The App Store link can be found here:
https://apps.apple.com/us/app/piccybot/id6476859317

I am really hoping it will be of use to some. I have earlier created the app 'Talking Goggles' which was well received by the low vision community, but PiccyBot is a lot more powerful and hopefully useful!

Thanks and best regards,

Martijn van der Spek

Options

Comments

By Gokul on Monday, June 17, 2024 - 12:19

I can capture a video in meta glasses and get it described with the app? Interesting! not realtime, but still...

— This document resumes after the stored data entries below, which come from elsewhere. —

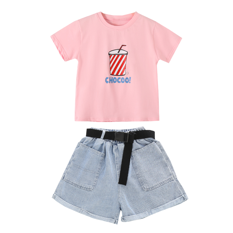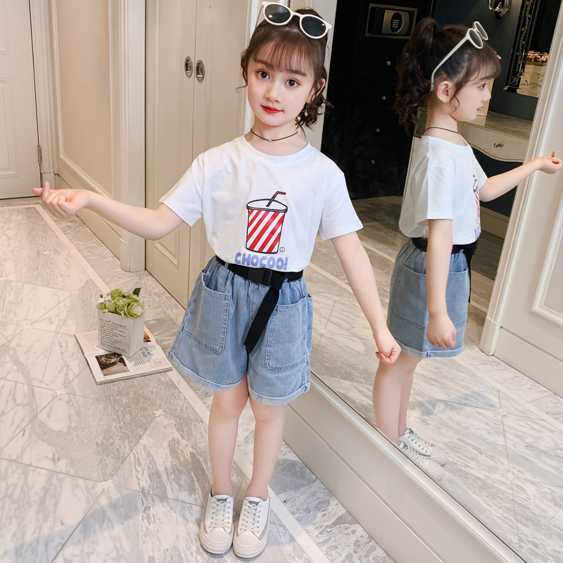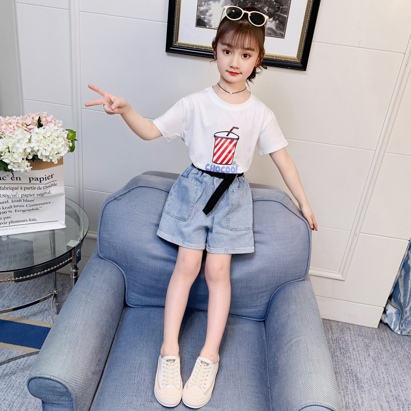 Girl Suit 2021 Summer Dress New Children Foreign Korea Edition Pure Cotton Denim Shorts Little Girl Summer Two Sets
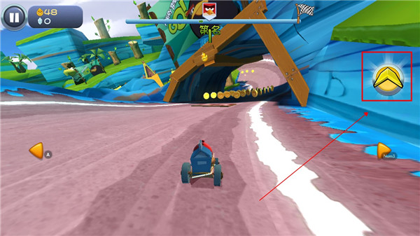 1、进入愤怒的小鸟卡丁车游戏之后,玩家们需要拉动小鸟来开始起步;
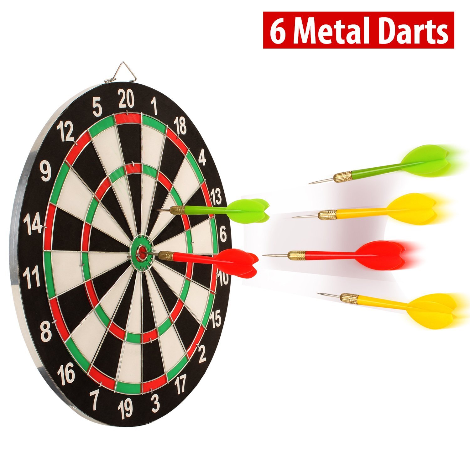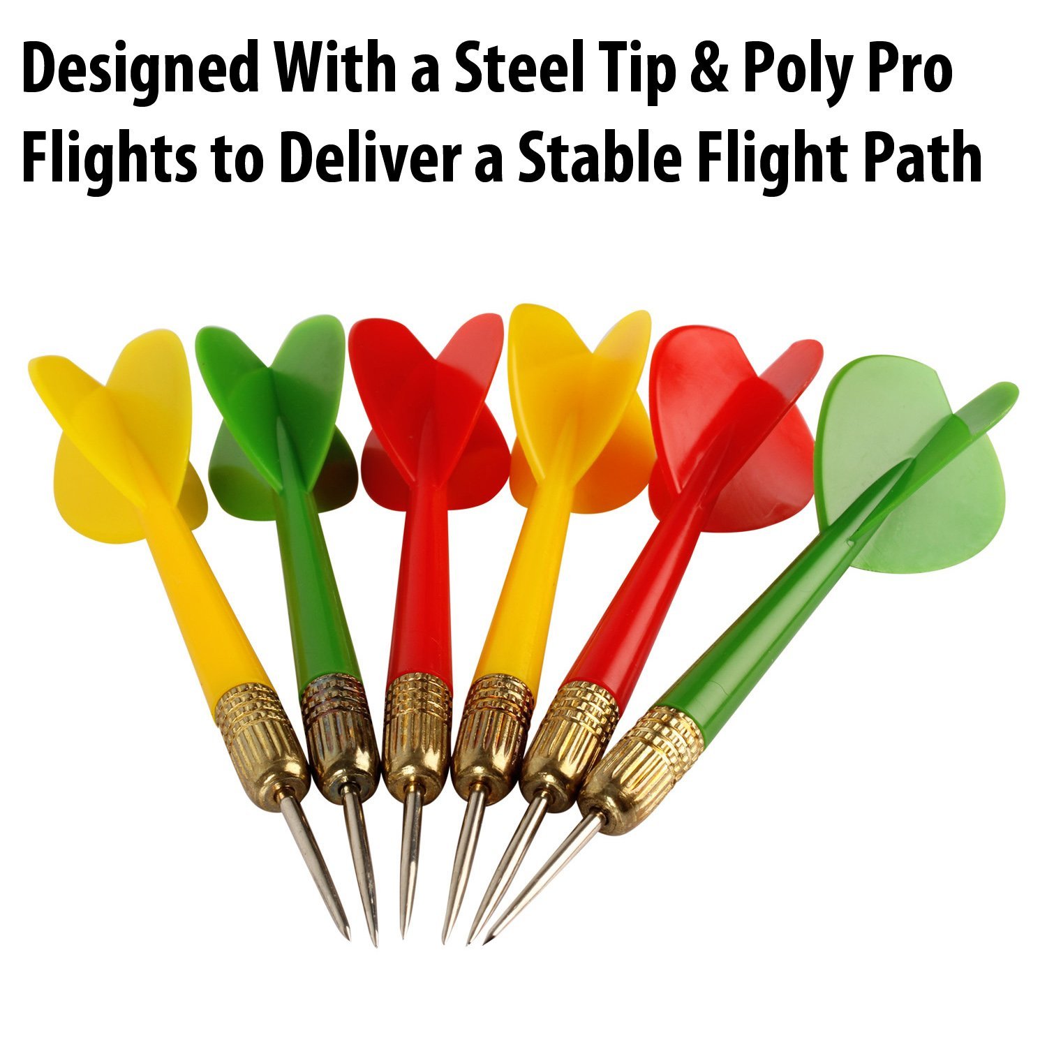 • Includes 6 durable steel darts
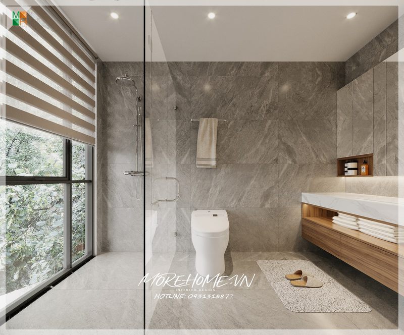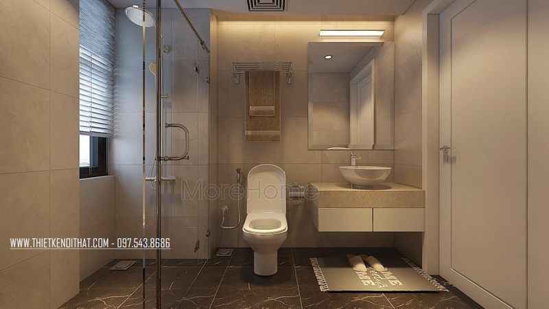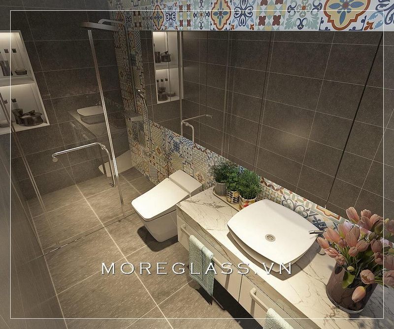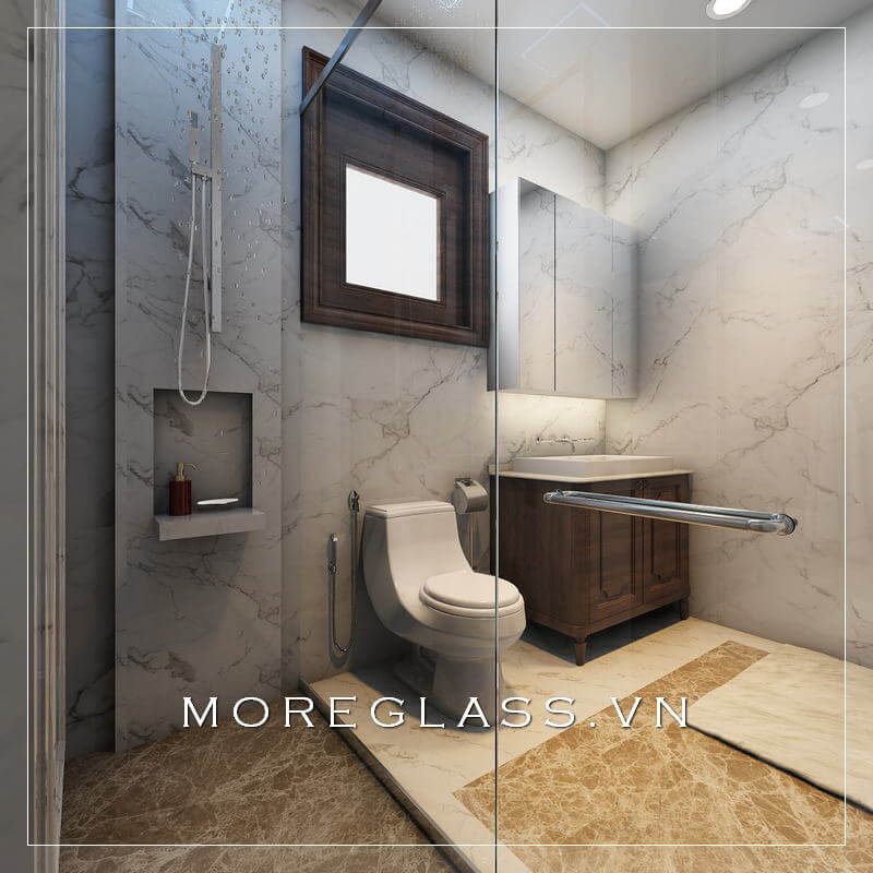 Phòng tắm có thiết kế cửa kính để giúp không gian bên trong luôn khô ráo và thông thoáng, đồng thời hạn chế ẩm ướt do thường xuyên xảy ra.

By privatetai on Monday, June 17, 2024 - 12:19

"Someone on here mentioned a few comments back that they produced a slideshow and imported it (as a video) to PiccyBot. Simple question; how did that person do that? I can't find any way in the photos app that allows me to save a slideshow I have created. slightly off-topic I know but I've asked elsewhere and it didn't seem to register."
Personally I can't seem to get the photo app to share or save the slideshows I created. i read online you save the photos to a folder, and then you save that folder as memory and then you can go to memory and save it as video- but I've not been able to get that to work. So I use the alternative method: Imovie. The imovie app on your phone will allow you to join videos, photos, insert sound clips, add music and all that. And it's pretty accessible and self explanatory.

By Bingo Little on Monday, June 17, 2024 - 12:19

Subject line says it all. I share a video to PiccyBot, or a photo, and nothing happens. I'm returned to the share sheet with all its various options. Anyone else having this?

By mr grieves on Monday, June 17, 2024 - 12:19

I just went into the Photos app, selected a video and shared it to the pixie and it worked great.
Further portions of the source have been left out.